YOUR INSTRUCTIONS:
Beginning with the line of the entries below that holds "26 синіх ірисів, 25" and ending with the line that holds "鸟类筑巢的主要目的是繁衍,而", transcribe each line exactly as written. Pictures stay out.

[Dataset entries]

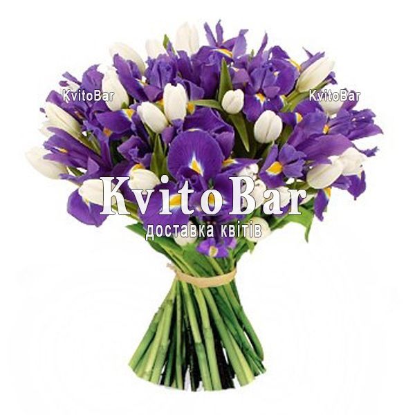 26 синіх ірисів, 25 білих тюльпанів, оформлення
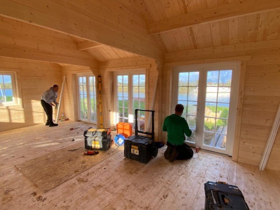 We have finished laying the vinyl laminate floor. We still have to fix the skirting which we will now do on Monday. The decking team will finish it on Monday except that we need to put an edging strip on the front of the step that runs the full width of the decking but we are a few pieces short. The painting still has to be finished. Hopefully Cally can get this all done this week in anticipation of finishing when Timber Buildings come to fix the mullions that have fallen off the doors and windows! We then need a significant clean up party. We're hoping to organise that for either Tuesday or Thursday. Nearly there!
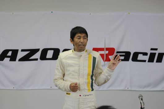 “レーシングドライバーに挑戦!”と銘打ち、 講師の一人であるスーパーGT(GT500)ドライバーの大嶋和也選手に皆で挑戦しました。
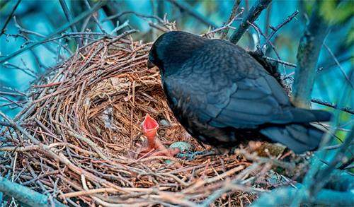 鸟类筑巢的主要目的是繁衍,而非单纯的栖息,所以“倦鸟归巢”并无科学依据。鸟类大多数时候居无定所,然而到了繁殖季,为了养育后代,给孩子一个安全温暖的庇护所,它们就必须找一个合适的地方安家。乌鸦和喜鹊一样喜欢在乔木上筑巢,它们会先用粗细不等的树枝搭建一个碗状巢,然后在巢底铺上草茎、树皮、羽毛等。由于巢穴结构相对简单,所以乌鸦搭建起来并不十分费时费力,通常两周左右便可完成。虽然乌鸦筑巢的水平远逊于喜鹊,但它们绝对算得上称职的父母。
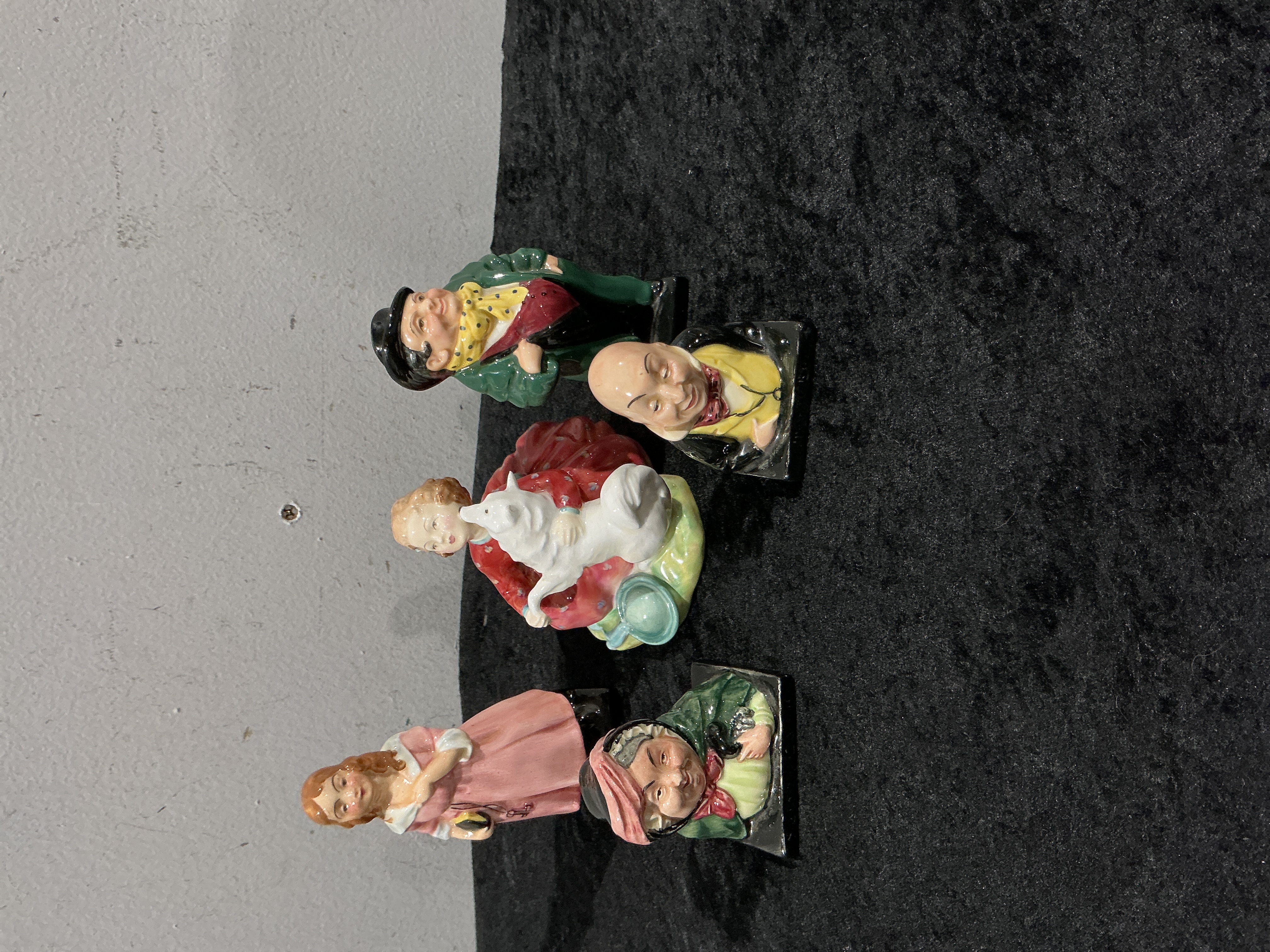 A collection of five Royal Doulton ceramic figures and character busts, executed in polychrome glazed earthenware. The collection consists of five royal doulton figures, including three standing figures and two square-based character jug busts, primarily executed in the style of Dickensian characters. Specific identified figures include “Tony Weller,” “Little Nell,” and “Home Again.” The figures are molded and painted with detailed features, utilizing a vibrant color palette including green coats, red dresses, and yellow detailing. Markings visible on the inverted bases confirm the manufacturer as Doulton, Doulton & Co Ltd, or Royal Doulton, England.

...

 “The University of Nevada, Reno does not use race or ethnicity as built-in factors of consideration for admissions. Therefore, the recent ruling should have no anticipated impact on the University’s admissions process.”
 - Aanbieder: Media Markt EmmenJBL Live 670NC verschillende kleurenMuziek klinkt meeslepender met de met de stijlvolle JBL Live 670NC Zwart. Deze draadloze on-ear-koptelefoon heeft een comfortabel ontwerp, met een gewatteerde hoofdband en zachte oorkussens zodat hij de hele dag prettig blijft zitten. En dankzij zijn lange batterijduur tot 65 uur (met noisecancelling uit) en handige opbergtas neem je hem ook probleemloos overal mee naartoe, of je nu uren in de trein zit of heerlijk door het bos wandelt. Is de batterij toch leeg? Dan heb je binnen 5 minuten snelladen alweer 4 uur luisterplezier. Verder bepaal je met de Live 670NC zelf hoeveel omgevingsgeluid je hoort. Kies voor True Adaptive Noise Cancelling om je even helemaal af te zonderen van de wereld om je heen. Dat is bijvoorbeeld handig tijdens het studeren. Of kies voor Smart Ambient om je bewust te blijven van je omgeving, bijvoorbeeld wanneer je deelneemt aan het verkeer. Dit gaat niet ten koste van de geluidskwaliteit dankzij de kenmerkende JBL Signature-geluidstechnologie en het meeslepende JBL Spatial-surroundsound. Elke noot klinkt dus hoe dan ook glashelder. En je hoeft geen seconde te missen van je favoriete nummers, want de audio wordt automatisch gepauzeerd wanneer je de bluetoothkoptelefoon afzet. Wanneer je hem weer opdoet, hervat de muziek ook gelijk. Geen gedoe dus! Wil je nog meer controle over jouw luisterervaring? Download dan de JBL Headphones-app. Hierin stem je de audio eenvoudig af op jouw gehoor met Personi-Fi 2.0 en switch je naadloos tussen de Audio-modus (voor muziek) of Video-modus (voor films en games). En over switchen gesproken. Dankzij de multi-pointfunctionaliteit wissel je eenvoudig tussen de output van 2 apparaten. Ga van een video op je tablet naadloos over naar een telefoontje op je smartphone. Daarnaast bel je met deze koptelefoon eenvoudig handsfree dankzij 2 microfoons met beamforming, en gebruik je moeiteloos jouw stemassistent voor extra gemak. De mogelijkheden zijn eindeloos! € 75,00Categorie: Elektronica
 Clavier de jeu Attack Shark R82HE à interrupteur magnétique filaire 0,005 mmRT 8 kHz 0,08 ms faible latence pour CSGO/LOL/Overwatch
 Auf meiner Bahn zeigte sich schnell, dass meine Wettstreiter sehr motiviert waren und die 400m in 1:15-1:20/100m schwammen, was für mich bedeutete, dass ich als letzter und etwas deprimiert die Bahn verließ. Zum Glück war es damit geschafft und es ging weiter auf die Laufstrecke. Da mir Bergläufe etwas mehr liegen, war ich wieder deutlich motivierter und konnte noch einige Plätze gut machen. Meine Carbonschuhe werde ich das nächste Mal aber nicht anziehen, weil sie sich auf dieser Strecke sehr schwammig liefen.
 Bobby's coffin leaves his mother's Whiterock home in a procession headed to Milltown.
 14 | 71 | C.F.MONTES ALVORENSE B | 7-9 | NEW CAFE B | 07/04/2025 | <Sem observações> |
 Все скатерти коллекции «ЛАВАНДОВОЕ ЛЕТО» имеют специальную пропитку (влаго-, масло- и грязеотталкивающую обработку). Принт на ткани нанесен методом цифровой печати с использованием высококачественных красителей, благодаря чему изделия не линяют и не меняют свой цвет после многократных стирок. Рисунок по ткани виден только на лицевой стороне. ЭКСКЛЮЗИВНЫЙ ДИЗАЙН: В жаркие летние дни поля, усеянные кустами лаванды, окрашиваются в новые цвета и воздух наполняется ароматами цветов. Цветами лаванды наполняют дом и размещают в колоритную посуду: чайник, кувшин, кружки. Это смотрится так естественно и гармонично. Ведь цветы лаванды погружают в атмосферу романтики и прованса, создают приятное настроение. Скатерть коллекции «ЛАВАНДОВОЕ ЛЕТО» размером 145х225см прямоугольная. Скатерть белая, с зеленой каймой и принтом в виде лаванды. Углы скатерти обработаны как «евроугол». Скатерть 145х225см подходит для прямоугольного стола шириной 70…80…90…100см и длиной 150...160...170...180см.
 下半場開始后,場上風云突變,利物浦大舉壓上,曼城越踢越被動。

EXERCISE ANSWER:
 26 синіх ірисів, 25 білих тюльпанів, оформлення
 We have finished laying the vinyl laminate floor. We still have to fix the skirting which we will now do on Monday. The decking team will finish it on Monday except that we need to put an edging strip on the front of the step that runs the full width of the decking but we are a few pieces short. The painting still has to be finished. Hopefully Cally can get this all done this week in anticipation of finishing when Timber Buildings come to fix the mullions that have fallen off the doors and windows! We then need a significant clean up party. We're hoping to organise that for either Tuesday or Thursday. Nearly there!
 “レーシングドライバーに挑戦!”と銘打ち、 講師の一人であるスーパーGT(GT500)ドライバーの大嶋和也選手に皆で挑戦しました。
 鸟类筑巢的主要目的是繁衍,而非单纯的栖息,所以“倦鸟归巢”并无科学依据。鸟类大多数时候居无定所,然而到了繁殖季,为了养育后代,给孩子一个安全温暖的庇护所,它们就必须找一个合适的地方安家。乌鸦和喜鹊一样喜欢在乔木上筑巢,它们会先用粗细不等的树枝搭建一个碗状巢,然后在巢底铺上草茎、树皮、羽毛等。由于巢穴结构相对简单,所以乌鸦搭建起来并不十分费时费力,通常两周左右便可完成。虽然乌鸦筑巢的水平远逊于喜鹊,但它们绝对算得上称职的父母。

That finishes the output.